**WORK REQUEST:**
Below are several entries. Transcribe exactly those lines that fall from the one with "Stand Midi Nouvo Pedal" through the one with "Oil on canvas", end lines included.

**INFORMATION:**

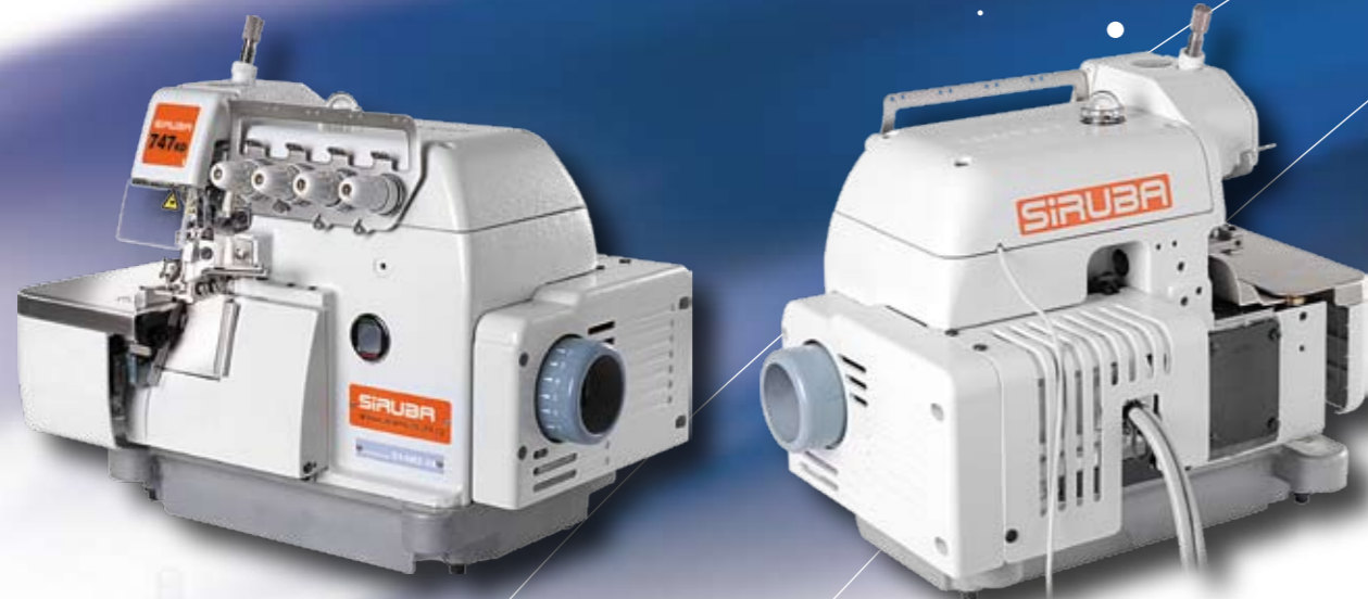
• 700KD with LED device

--

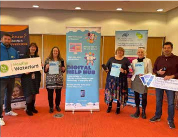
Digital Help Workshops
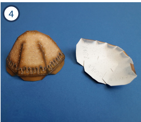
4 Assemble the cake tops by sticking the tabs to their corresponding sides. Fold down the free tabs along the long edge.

==

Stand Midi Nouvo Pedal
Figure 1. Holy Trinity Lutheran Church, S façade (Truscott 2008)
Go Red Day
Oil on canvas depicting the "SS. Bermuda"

**RESPONSE AREA:**
Stand Midi Nouvo Pedal
Figure 1. Holy Trinity Lutheran Church, S façade (Truscott 2008)
Go Red Day
Oil on canvas depicting the "SS. Bermuda"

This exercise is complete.